Task. Return, with both end lines included, exactly what the data below holds from the line with "3.2 FUNDAMENTOS TÉCNICOS" through the line with "Werner z d. Mokry, Frieda", though not the pictures.

Provided records.
========================================
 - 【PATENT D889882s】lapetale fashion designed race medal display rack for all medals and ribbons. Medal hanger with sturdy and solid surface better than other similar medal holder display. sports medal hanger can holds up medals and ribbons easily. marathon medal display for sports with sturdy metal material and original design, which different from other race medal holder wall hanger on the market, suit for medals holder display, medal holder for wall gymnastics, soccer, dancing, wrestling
========================================
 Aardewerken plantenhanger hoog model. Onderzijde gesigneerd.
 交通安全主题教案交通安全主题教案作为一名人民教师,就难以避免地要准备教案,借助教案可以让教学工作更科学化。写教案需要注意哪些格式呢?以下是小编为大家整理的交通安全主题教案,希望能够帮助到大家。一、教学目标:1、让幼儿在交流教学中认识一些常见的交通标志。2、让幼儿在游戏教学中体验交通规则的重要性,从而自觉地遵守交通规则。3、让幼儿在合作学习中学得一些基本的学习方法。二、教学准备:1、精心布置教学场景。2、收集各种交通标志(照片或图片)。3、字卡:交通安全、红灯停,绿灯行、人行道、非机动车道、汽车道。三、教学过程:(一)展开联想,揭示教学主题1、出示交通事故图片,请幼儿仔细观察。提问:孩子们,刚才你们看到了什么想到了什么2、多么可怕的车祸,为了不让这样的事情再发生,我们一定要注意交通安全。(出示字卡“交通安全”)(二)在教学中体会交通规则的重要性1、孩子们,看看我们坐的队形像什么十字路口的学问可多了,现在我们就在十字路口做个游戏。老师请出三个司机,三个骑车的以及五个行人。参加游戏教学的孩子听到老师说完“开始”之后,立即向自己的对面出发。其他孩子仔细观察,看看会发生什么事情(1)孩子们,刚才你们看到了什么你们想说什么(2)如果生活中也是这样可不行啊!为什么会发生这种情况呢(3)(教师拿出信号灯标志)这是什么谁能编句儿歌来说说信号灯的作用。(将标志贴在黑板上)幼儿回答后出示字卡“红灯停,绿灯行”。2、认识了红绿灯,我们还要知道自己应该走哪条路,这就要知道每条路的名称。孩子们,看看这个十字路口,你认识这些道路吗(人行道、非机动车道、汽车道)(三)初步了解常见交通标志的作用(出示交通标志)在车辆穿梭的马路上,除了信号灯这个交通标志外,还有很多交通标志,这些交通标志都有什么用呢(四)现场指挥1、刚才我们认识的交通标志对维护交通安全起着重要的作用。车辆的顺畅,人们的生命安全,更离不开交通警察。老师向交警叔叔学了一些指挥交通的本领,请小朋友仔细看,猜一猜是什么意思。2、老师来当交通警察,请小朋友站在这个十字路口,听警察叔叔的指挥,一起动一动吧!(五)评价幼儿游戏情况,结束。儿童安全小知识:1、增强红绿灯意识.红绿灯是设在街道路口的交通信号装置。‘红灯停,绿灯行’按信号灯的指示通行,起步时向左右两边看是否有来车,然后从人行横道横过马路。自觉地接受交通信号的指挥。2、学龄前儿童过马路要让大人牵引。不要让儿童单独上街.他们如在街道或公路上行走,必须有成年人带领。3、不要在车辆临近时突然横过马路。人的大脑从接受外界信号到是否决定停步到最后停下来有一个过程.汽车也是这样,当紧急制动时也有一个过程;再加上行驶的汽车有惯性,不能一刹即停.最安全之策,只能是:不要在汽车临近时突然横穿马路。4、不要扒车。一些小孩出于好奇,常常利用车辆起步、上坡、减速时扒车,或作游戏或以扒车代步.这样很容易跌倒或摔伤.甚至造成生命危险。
========================================
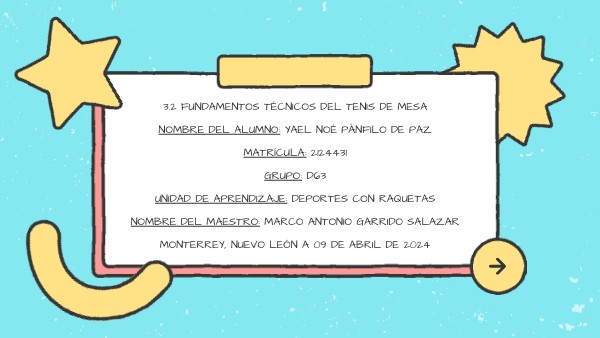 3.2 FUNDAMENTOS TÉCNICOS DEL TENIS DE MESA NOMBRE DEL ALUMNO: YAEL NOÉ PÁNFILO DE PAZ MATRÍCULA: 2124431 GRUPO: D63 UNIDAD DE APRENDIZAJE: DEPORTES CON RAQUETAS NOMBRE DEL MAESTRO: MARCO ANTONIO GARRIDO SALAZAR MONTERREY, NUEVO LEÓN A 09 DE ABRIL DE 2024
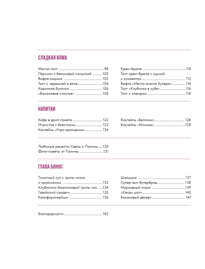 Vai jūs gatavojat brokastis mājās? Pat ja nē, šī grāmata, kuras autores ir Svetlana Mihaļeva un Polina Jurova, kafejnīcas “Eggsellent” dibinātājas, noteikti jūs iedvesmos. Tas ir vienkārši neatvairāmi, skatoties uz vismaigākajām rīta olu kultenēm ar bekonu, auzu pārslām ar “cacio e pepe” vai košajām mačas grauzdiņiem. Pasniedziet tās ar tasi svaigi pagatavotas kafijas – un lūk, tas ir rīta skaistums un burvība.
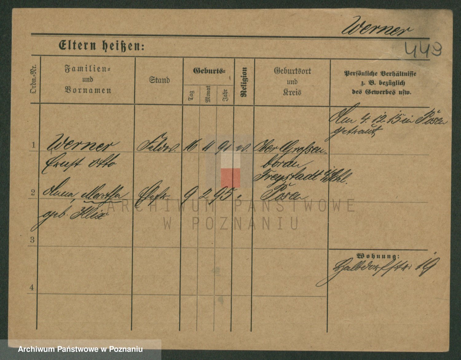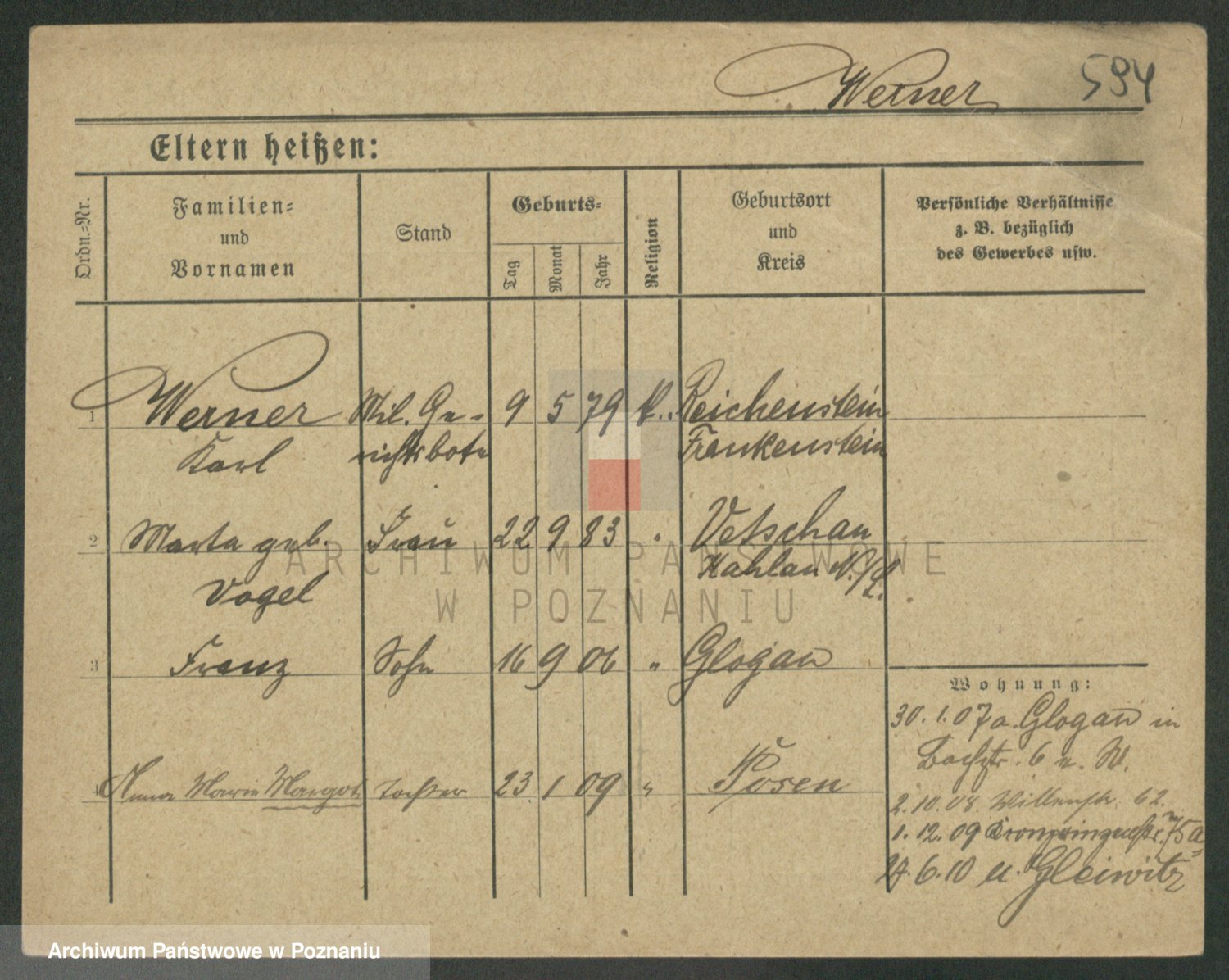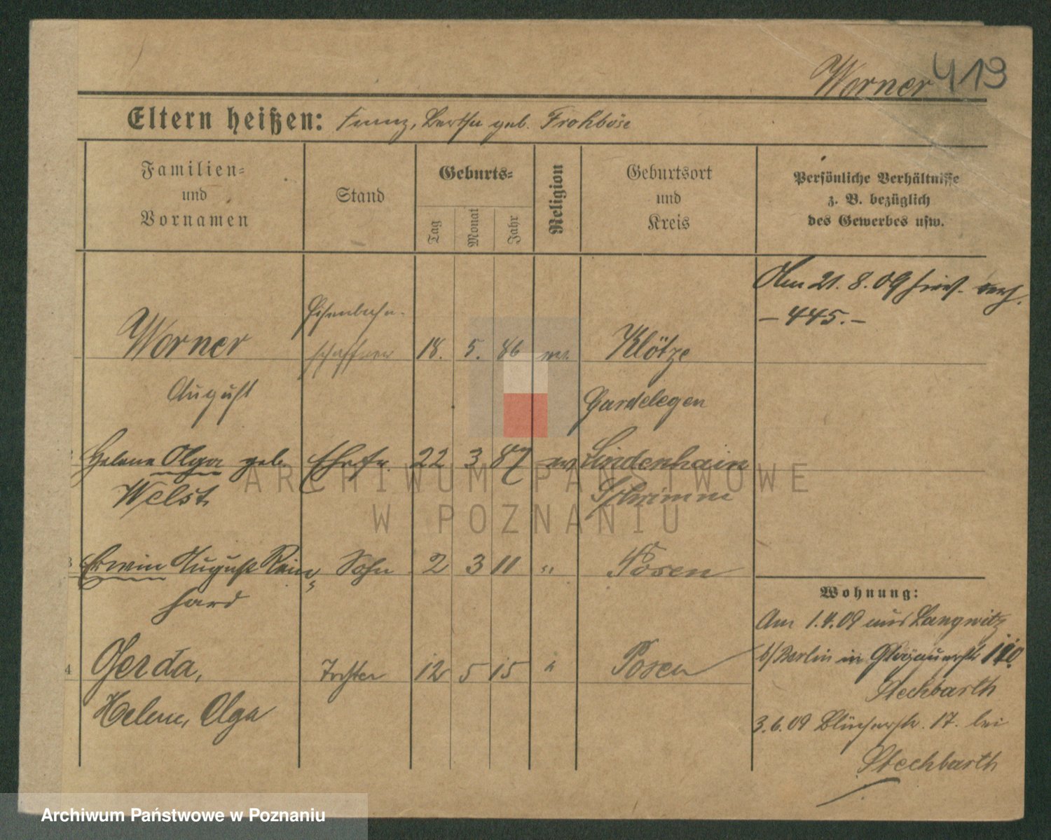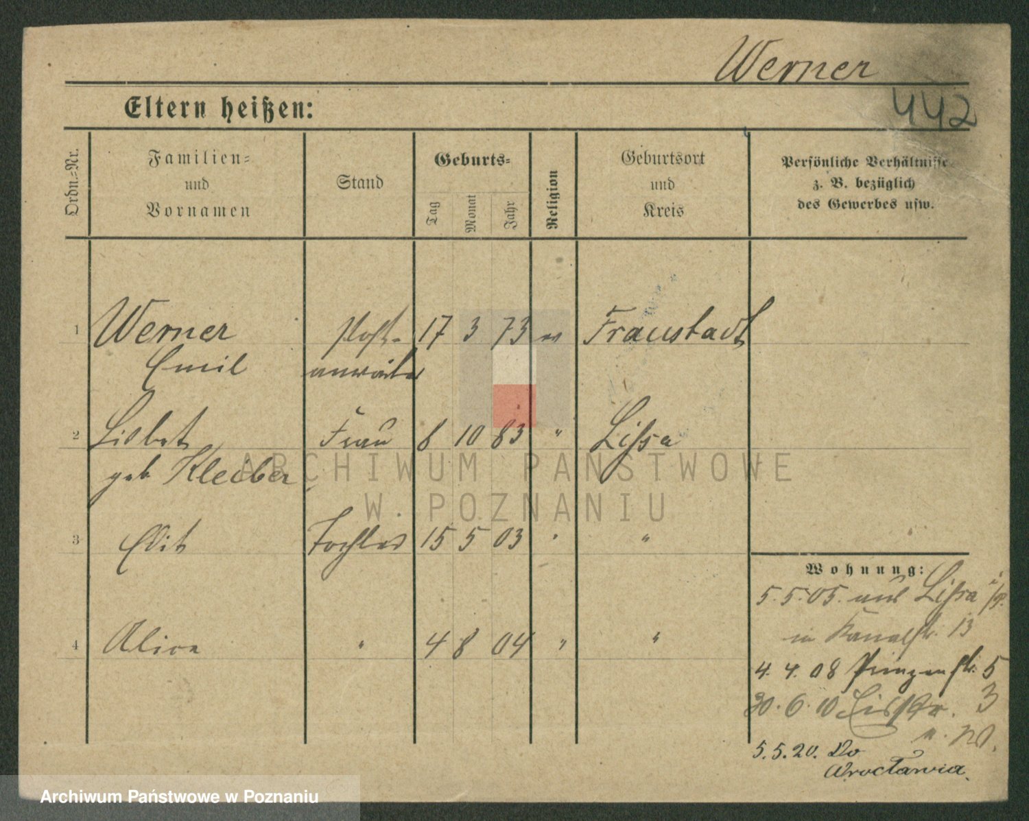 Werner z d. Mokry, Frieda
========================================
Solution below.
 3.2 FUNDAMENTOS TÉCNICOS DEL TENIS DE MESA NOMBRE DEL ALUMNO: YAEL NOÉ PÁNFILO DE PAZ MATRÍCULA: 2124431 GRUPO: D63 UNIDAD DE APRENDIZAJE: DEPORTES CON RAQUETAS NOMBRE DEL MAESTRO: MARCO ANTONIO GARRIDO SALAZAR MONTERREY, NUEVO LEÓN A 09 DE ABRIL DE 2024
 Vai jūs gatavojat brokastis mājās? Pat ja nē, šī grāmata, kuras autores ir Svetlana Mihaļeva un Polina Jurova, kafejnīcas “Eggsellent” dibinātājas, noteikti jūs iedvesmos. Tas ir vienkārši neatvairāmi, skatoties uz vismaigākajām rīta olu kultenēm ar bekonu, auzu pārslām ar “cacio e pepe” vai košajām mačas grauzdiņiem. Pasniedziet tās ar tasi svaigi pagatavotas kafijas – un lūk, tas ir rīta skaistums un burvība.
 Werner z d. Mokry, Frieda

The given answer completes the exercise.